• _Supplied information_:

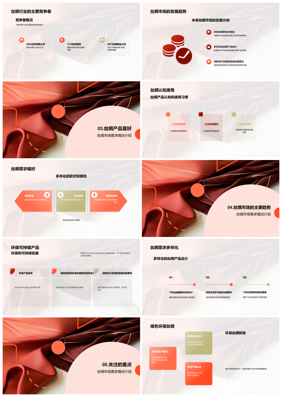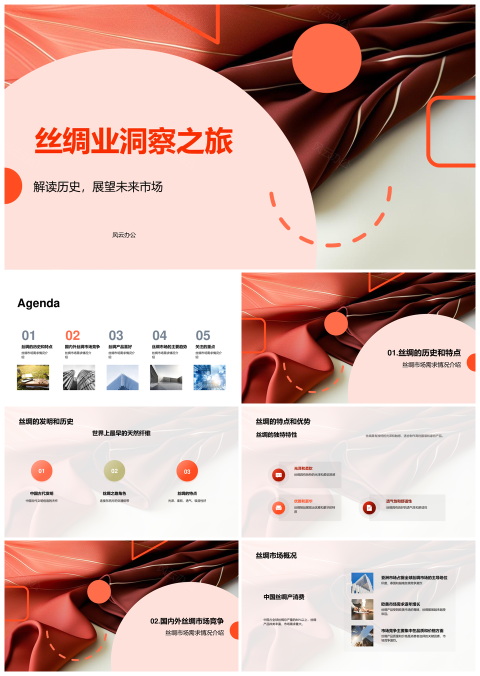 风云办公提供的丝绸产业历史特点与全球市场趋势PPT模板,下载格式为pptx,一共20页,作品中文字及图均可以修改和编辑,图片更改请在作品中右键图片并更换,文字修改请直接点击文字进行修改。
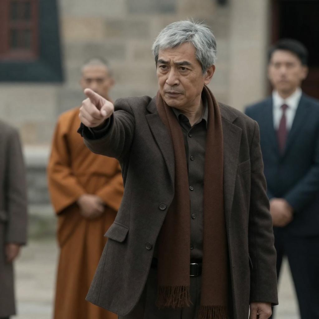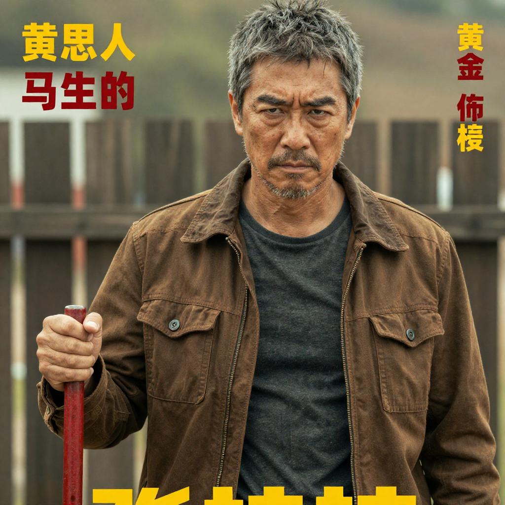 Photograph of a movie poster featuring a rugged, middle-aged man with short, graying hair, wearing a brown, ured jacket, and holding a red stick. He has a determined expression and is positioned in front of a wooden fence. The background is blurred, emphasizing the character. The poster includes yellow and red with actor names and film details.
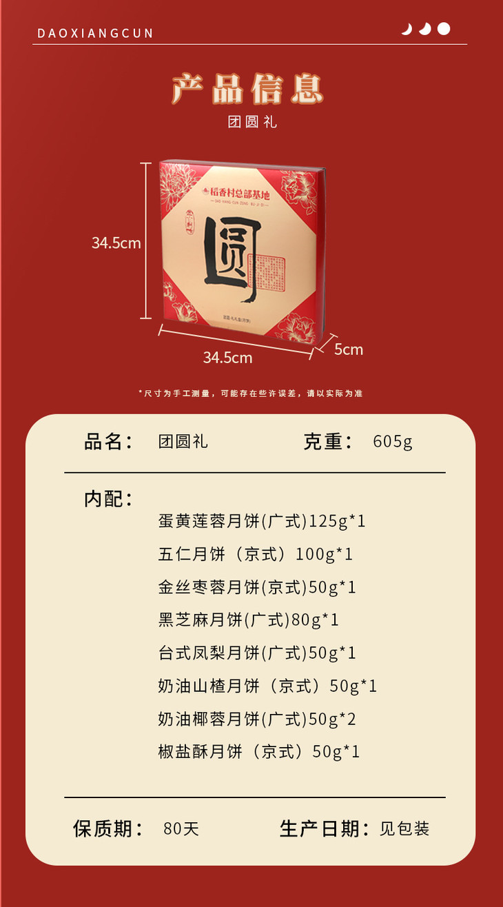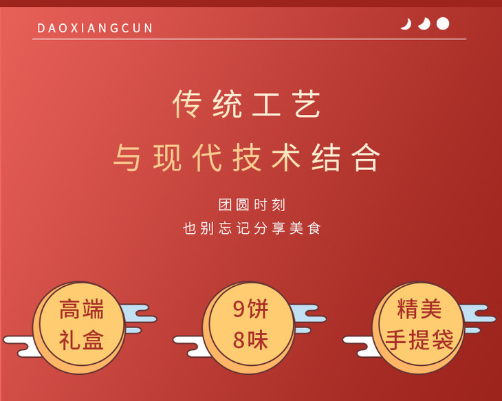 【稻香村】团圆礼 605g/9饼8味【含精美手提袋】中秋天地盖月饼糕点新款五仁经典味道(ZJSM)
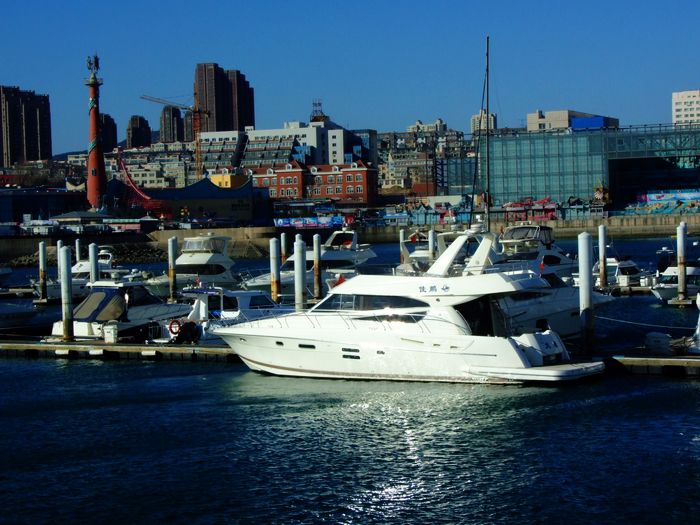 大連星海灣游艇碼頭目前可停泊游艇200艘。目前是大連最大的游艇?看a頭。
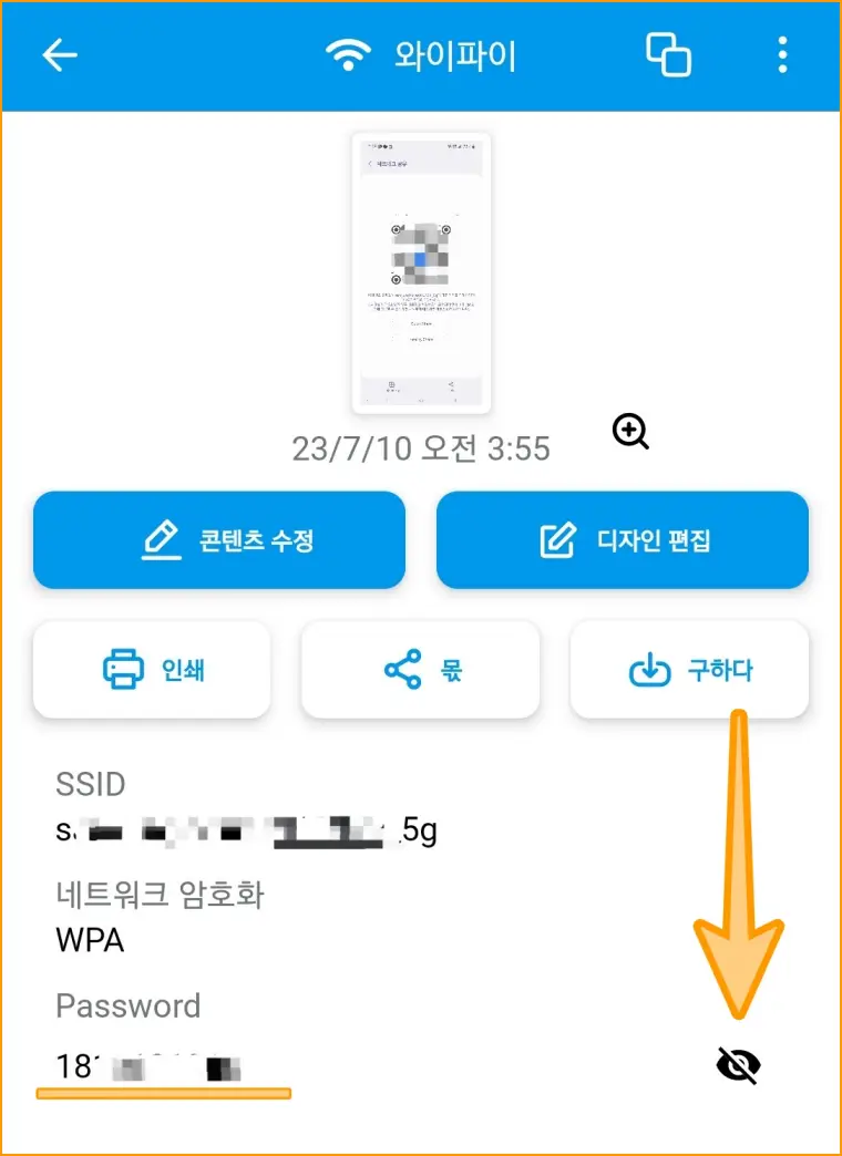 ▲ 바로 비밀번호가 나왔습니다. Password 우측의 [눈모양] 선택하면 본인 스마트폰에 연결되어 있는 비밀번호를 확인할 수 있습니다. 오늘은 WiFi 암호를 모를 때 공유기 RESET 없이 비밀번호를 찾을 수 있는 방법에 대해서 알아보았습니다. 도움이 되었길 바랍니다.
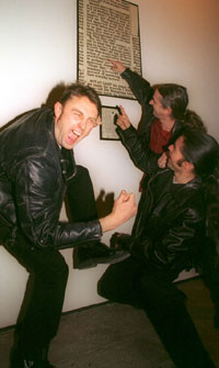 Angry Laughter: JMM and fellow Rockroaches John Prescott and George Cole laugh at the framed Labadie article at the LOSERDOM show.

--

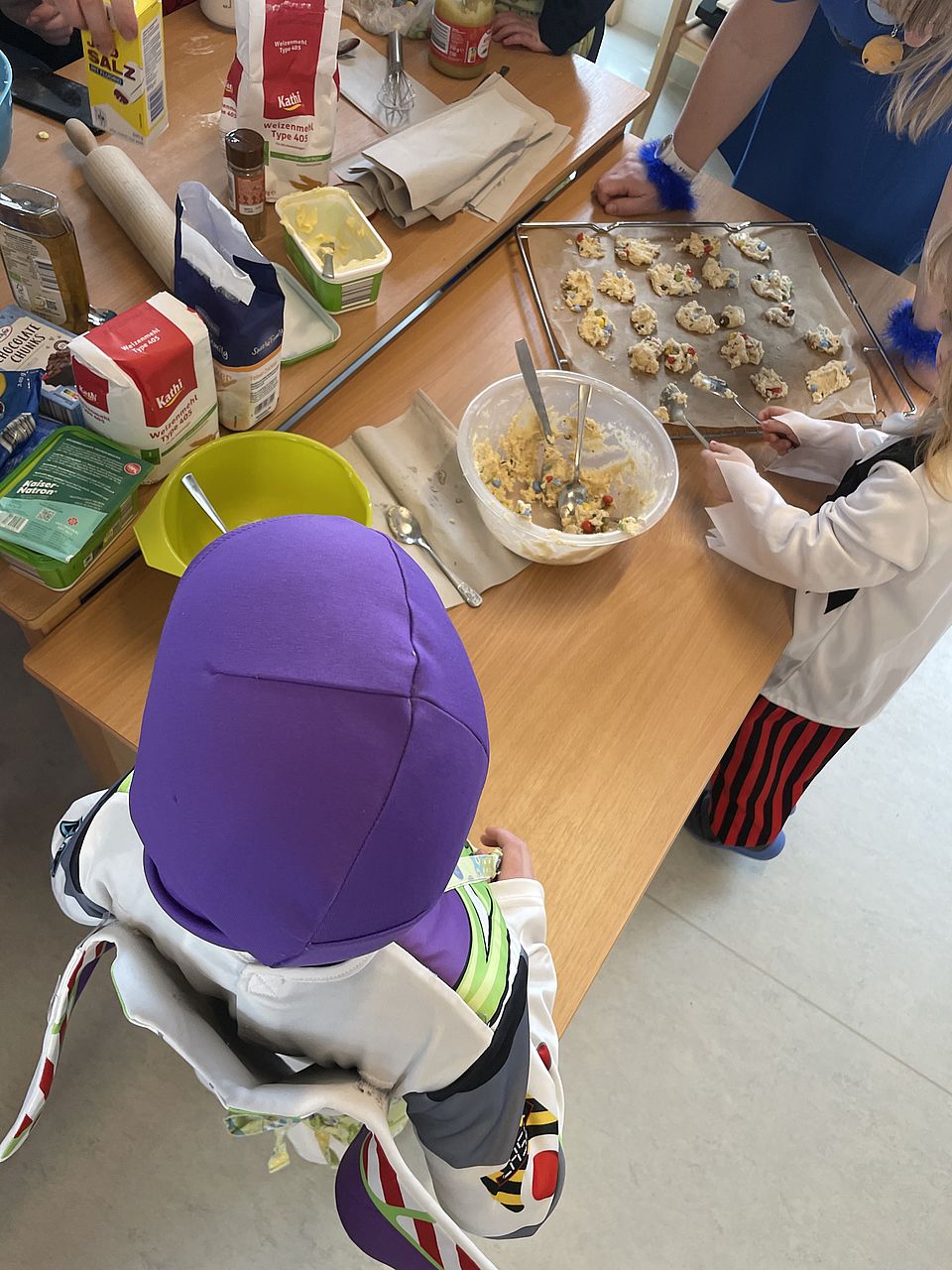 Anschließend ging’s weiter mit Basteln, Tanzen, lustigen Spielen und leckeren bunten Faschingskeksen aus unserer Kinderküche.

• _Task item_: When you reach the line containing "大連星海灣游艇碼頭目前可停泊游艇200艘。目前是大連最大的游艇?看a頭。" in the entries above, begin restating word for word, and stop once the line containing "Angry Laughter: JMM" has been given. Omit the pictures.

• _Response box_:
 大連星海灣游艇碼頭目前可停泊游艇200艘。目前是大連最大的游艇?看a頭。
 ▲ 바로 비밀번호가 나왔습니다. Password 우측의 [눈모양] 선택하면 본인 스마트폰에 연결되어 있는 비밀번호를 확인할 수 있습니다. 오늘은 WiFi 암호를 모를 때 공유기 RESET 없이 비밀번호를 찾을 수 있는 방법에 대해서 알아보았습니다. 도움이 되었길 바랍니다.
 Angry Laughter: JMM and fellow Rockroaches John Prescott and George Cole laugh at the framed Labadie article at the LOSERDOM show.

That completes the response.